Nas suas derradeiras horas de vida, Deise Moura dos Anjos escreveu cartas, de forma desconexa, dentro da prisão na qual estava recolhida por suspeita de assassinar quatro familiares e de outras sete tentativas de homicídio não concretizadas. Apesar dos consistentes indícios de que premeditou tudo, ela culpa a sogra, Zeli dos Anjos (uma das vítimas sobreviventes) pelo infortúnio. Pouco antes de tirar a própria vida, se enforcando na cela, Deise redigiu uma mensagem destinada à mãe do seu marido:
"Muito obrigada por esses 20 anos que fez da minha vida de casada um inferno. Mais uma vez eu sou a vilã e você a mocinha. Conseguiu ficar com tudo: meu filho, minha casa..."

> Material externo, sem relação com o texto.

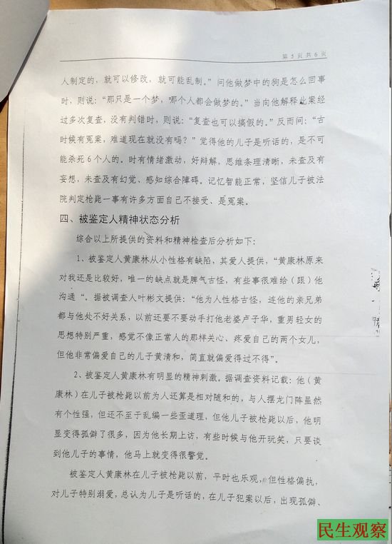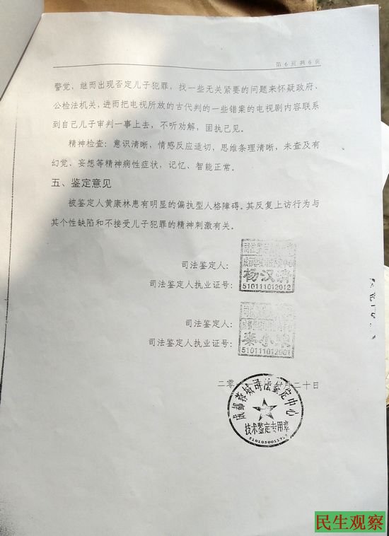 2011年11月20日,成都蓉城司法鉴定中心出具的司法鉴定意见书中载明,委托给黄康林做精神疾病鉴定的是仁寿县新店乡人民政府,鉴定意见为,黄康林患有明显的偏执性人格障碍,其反复上访与个性缺陷和不接受儿子犯罪的精神刺激有关。该鉴定书中还载明,2007年10月2日,华西医院司法精神鉴定时所作精神科检查,未发现精神病性症状。2008年成都蓉城司法鉴定中心也曾给他做精神鉴定,鉴定后黄康林被劳动教养,但至今未给他鉴定结果。

É uma fantástica inversão dos fatos, já que abundam provas de que Deise tentou duas vezes matar a sogra por envenenamento de comida - e falhou, nas duas. O ódio seria porque considerava a sogra invasiva. Como não media consequências dos atos (e há inúmeros relatos indicando isso), tudo indica que acabou assassinando, ao colocar veneno em alimentos, quatro outros familiares (o marido de Zeli, duas irmãs dela e uma sobrinha)
Há indícios técnicos também de que, na perseguição a quem a contrariava, Deise tentou matar o marido com arsênio, o mesmo veneno usado para assassinar os demais, que comeram um bolo preparado com esse produto químico. Só que a dosagem foi baixa e ele sobreviveu ao suco envenenado. Talvez sem premeditar, ela também envenenou o filho, que tomou a mesma bebida destinada ao pai.
Tudo isso eu e você sabemos porque a investigação da Polícia Civil e do Instituto-Geral de Perícias (IGP) foi exemplar. Uma aula digna das séries CSI que passam na TV.
O delegado Marcos Veloso, de Torres (onde morreram três das quatro vítimas envenenadas), agiu com a cautela necessária. Afinal, não era um caso envolvendo bandidos, mas uma desavença familiar que poderia (ou não) ter derivado para assassinatos. A partir dos primeiros depoimentos indicando que Deise tinha sérios problemas de relacionamento com os parentes do marido, Veloso pediu a prisão cautelar dela e conseguiu - mas voltou atrás. Desistiu de prendê-la, nos primeiros dias, à espera de provas materiais.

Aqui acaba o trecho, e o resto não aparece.